Os efeitos desta crise, no âmbito político, deram origem ao aparecimento de fortes partidos de extrema-direita, como por exemplo o nazismo na Alemanha, comandado por Hitler e em Portugal à ditadura protagonizada por Oliveira Salazar e mais tarde por Marcelo Caetano e que durou até ao 25 de Abril de 1974

Crise de 1983 – O Fundo Monetário Internacional (FMI) entra no país

A crise de 1983 teve muitos pontos comuns com a crise de 1929. De salientar as elevadas taxas de desemprego e as quedas dramáticas na produção agrícola, a elevada dívida externa, a queda da economia e muitas falências
Viveu-se então em Portugal um período de grande contestação social e frequentes manifestações.
“O programa aplicado foi muito exigente.

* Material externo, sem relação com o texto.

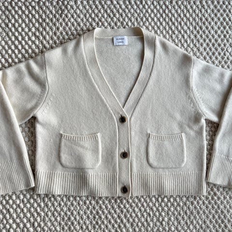 H&M Premiumin beige pitkä neuletakki. Neuletakissa vyö sekä taskut.
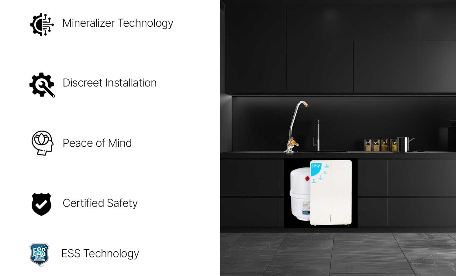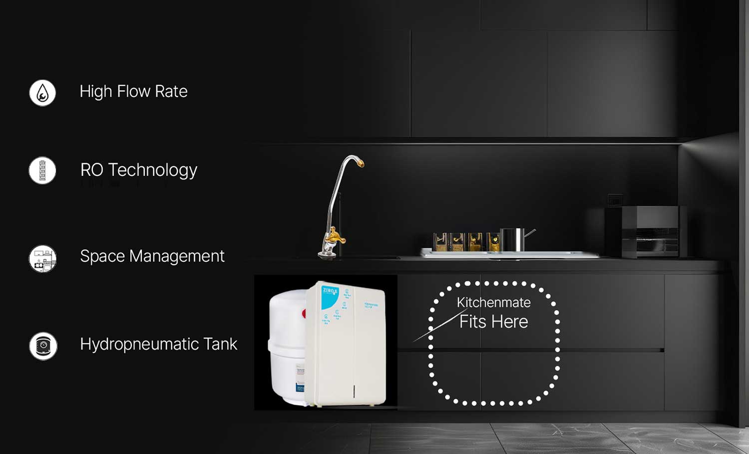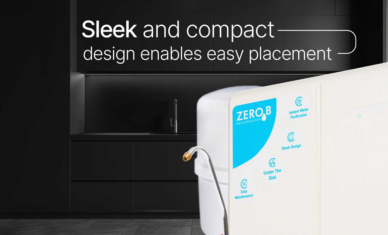 Sleek and compact RO Water Purifier for your modular kitchen. ZeroB Kitchenmate is a sleek and stylish water purifier which enhances the aesthetics of your kitchen, as well as, does not occupy kitchen counter space that comes with a complimentary long-reach faucet.

Portugal recebeu 650 milhões de dólares do FMI - 3,5% do produto interno bruto da altura - e em troca aplicou cortes nos salários e no subsídio de Natal da função pública, aumentou os impostos e congelou as contratações e o investimento público. Além disso, avançou ainda com a desvalorização do escudo 13%, de forma a ganhar competitividade, tornando as exportações mais baratas e apetecíveis”
Portugal nessa época ainda tinha o escudo, ou seja uma moeda própria e a sua desvalorização veio a ajudar a ultrapassar a crise e a promover as exportações.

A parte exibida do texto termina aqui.